The Tg of the copolymer can be calculated based on “2.4 Glass transition equation of copolymer” in “Mechanical properties of polymer” (Chemical Doujinshi 1969). For Tg, a numerical value described in rpOLYMER HANDBOOK Fourth Edition 1999 by John Wiley & Sons, Inc. J was used.

l / Tg = ∑Wn / Tgn

(Tg: glass transition temperature of the copolymer

T gn: glass transition temperature of homopolymer

Wn: weight fraction). The polymer particles used in the present invention contain a structural unit derived from a vinyl monomer. The content of the constituting vinyl monomer in the polymer particles is not particularly limited, but is preferably 50 to 100 mol%, particularly preferably 80 to 100 mol%. Examples of the biel monomer include a vinyl compound, a vinylene compound, a vinylidene compound, and a cyclic olefin, and the following compounds are preferred.

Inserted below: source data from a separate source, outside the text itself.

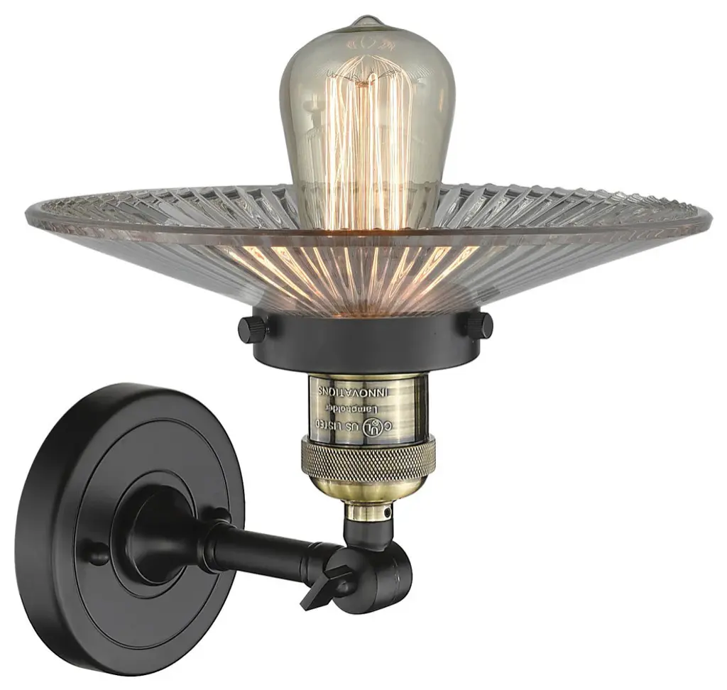 One of our largest and original collections, the Franklin Restoration is made up of a vast selection of heavy metal finishes and a large array of metal and glass shades that bring a touch of industrial into your home.Features:Solid brass 180 degree adjustable swivel with internal teeth that lock in at 5 degree intervals with engraved cast cupFixture can be hung with bulbs facing up or down as a wall mount or facing down as a ceiling mount4.5 inch 2mm heavy cast backplateDistance from outlet opening to top of fixture 2.25 inchesRated for 100 watt maximumUL/CUL Damp RatedCompatible with Incandescent, LED, Fluorescent and Halogen bulbsNumber of Bulbs: 1Bulb Wattage: 3.5Bulb Type: LEDBulb Included: IncludedVoltage: 120Finish: Black Antique Brass Finish Shade Finish: Clear Halophane Shade
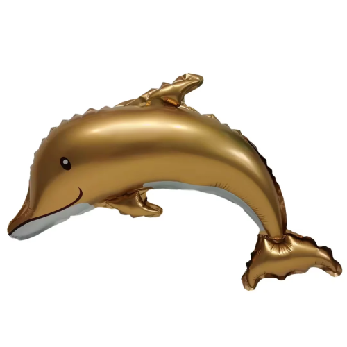 Шар с клапаном (17''/43 см) Мини-фигура, Дельфин, Золото, Сатин, 1 шт., 26078
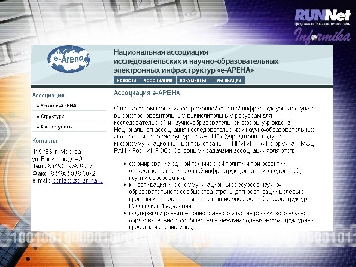 RUNNet Data. GRID: расширение • Участие в RUNNet Data. GRID – выделить физический сервер с public IP-адресом – установить на нем ОС семейства Linux – написать заявку о желании подключить сервер в RUNNet Data. GRID с указанием о проведении самостоятельной настройки сервера (в соответствие с руководством) или с просьбой произвести настройку сервера специалистами RUNNet • Использование RUNNet Data. GRID – для всех ВУЗов будет доступна регистрация по e-mail (с IP-адресов, выделенных RUNNet) для использования системы
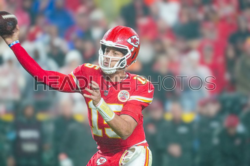 Kansas City, Missouri, USA, November 4, 2024, Kansas City Chiefs quarterback Patrick Mahomes #15 makes a pass at GEHA Field Arrowhead Stadium. (Photo Credit: Marty Jean-Louis)

(1) Methyl (meth) acrylate ((meth) acrylic refers to acryl, methacrylic or a mixture thereof; the same applies hereinafter.), (Meth) ethyl acrylate, (meth) isopropyl acrylate, (meth) acrylic (Meth) acrylic acid having an alkyl group having preferably 1 to 12 carbon atoms, more preferably 1 to 4 carbon atoms, such as butyl acid acid, isoptyl (meth) acrylate, and t-butyl (meth) acrylate. Alkyl esters;

(2). A fatty acid comprising an ester of a vinyl alcohol with a linear or branched fatty acid having 1 to 18 carbon atoms, preferably 1 to 6 carbon atoms, such as vinyl acetate, vinyl propionate, vinyl butyrate and vinyl vivalate. Vinyl esters;

(3) (meth) acrylic acid, maleic acid, fumaric acid, crotonic acid, itaconic acid, 2- (meth) acryloylethanesulfonic acid, 2- (meth) acryloylpropanesulfonic acid, 2- (meth) Acrylamide Anionic monomers having a polymerizable unsaturated group such as 2-methylpropanesulfonic acid, vinylsulfonic acid, and styrenesulfonic acid, or salts thereof. Polycarboxylic acids such as maleic acid, fumaric acid, itaconic acid include acid anhydrides, partial esters, and partial amides or mixtures thereof. Examples of the “salt” include an alkali metal salt (sodium salt, potassium salt, lithium salt, etc.), an alkaline earth metal salt (calcium salt, magnesium salt, Barium salts), and ammonium salts (quaternary ammonium salts, quaternary alkyl ammonium salts, etc.). Among them, sodium salt is the cheapest and preferred.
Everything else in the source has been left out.